"On the eighth day shall you give it to Me" — the Torah specifies that a first-born animal becomes eligible for the altar on the eighth day after birth. But the Mekhilta asks: is it acceptable only on the eighth day itself, or from the eighth day onward?

The answer comes through a gezeirah shavah. The word "eighth" appears here and also in (Leviticus 22:27): "From the eighth day onward it shall be accepted as an offering." In the Leviticus verse, the phrase "from the eighth day onward" makes clear that the animal remains eligible indefinitely — the eighth day is a minimum, not a maximum.

Since both passages use the word "eighth," the Mekhilta transfers the "onward" from Leviticus to Exodus. Just as there, from the eighth day on, so here, from the eighth day on. The animal can be offered on the eighth day, the ninth day, or any day thereafter.

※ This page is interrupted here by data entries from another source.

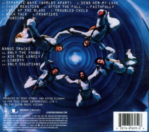 This is also why the bonus tracks hit home so well. "Only The Young" was a single from the movie "Vision Quest," "Only Solutions" from the original "Tron" and "Ask The Lonely" from the John Travolta/Olivia Newton John pairing, "Two of a Kind." Each of these sounded like an insta-hit and pulled down substantial airplay at the time. Added to "Frontiers" as extras. they highlight the band's strengths and again emphasize the point of how Journey had pushed themselves into a position of that of a well-honed producer of hits.
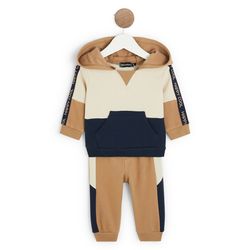 En savoir +Cet ensemble 2 pièces en molleton colorblock est carrément craquant et stylé ! Le sweat présente un adorable message imprimé le long des manches. Il possède une capuche et une poche kangourou. Le pantalon dispose d’une taille élastiquée pour le confort de bébé.
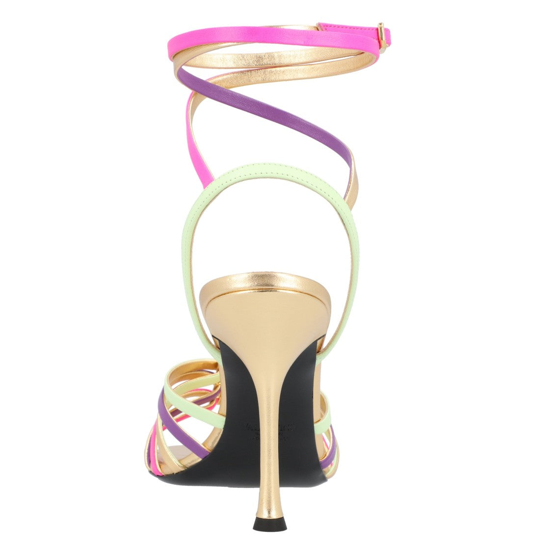 Valentino sandals in multi nappa leather showcase a captivating array of colorful straps complemented by gleaming gold-tone hardware. Designed for both elegance and comfort, these sandals feature an adjustable buckle ankle strap and a smooth leather insole and sole, ensuring a secure fit. With a heel height of 3.9 inches, they epitomize sophistication while remaining effortlessly wearable.
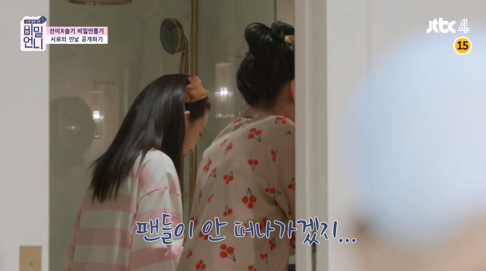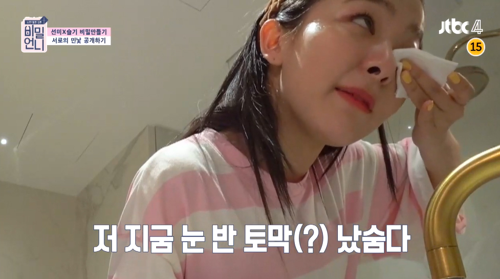 슬기는 민낯을 보고 팬들이 실망할까 봐 걱정했습니다. 눈 화장을 지우다가 "팬들이 안 떠나가겠지?"라며 두려움을 표출했는데요.
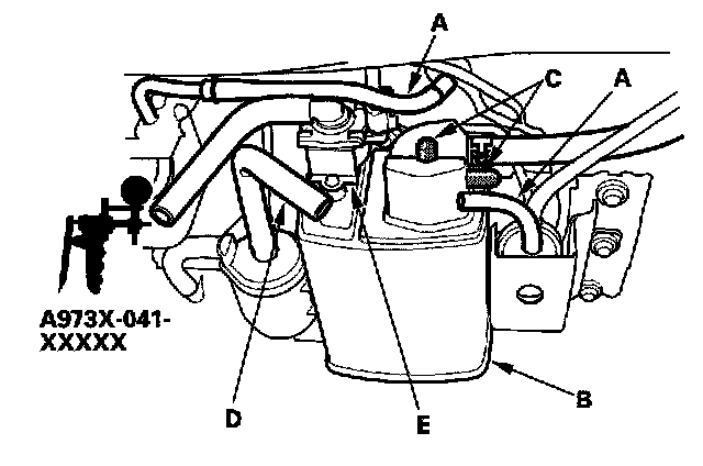 6. Disconnect the vacuum hose (A) from the EVAP control canister (B), and then plug the ports with plugs (C).
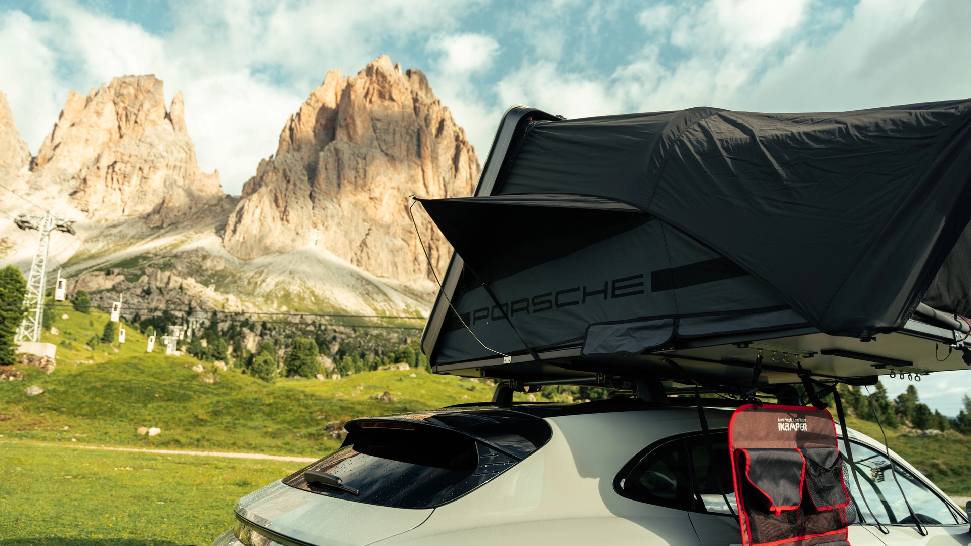 Abbiamo partecipato alla terza tappa del “Porsche On Board" che si è svolta tra Cortina e il Passo Sella. Oltre all’opportunità di poter guidare l’elettrica Taycan Cross Turismo tra le curve dei passi dolomitici, il marchio tedesco ha organizzato al Passo Sella la Roof Tent Experience per poter passare la notte in tenda sopra l’elettrica. Già perché tra i molteplici accessori che la casa automobilistica offre per le sue vetture, c’è anche una tenda da tetto.
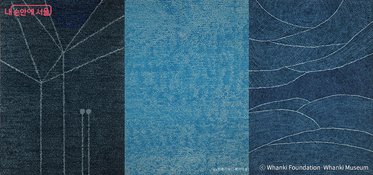 <Duet 22-IV-74 #331>(1974), <17-IV-71 #201>(어디서 무엇이 되어 만나랴 연작, 1971), <16-IX-73 #318>(1973) (왼쪽부터, 사진제공:(재)환기재단·환기미술관)
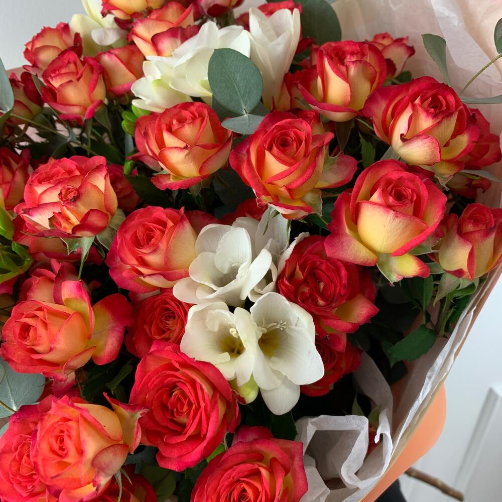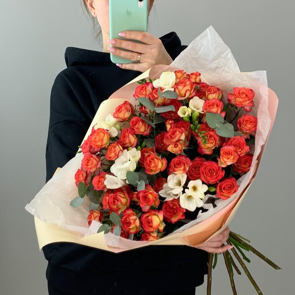 Букет «Плямя чувств» с кустовыми розами и фрезиями

But the transfer works in both directions. The Exodus verse establishes that the eighth day itself is the first acceptable day. This precision transfers back to Leviticus, confirming that the "eighth day" mentioned there is also the first available day — not earlier.

Two passages, each providing information the other lacks, combine through a single shared word to create a complete rule: the animal is acceptable from the eighth day onward, beginning specifically on the eighth day, with no upper limit.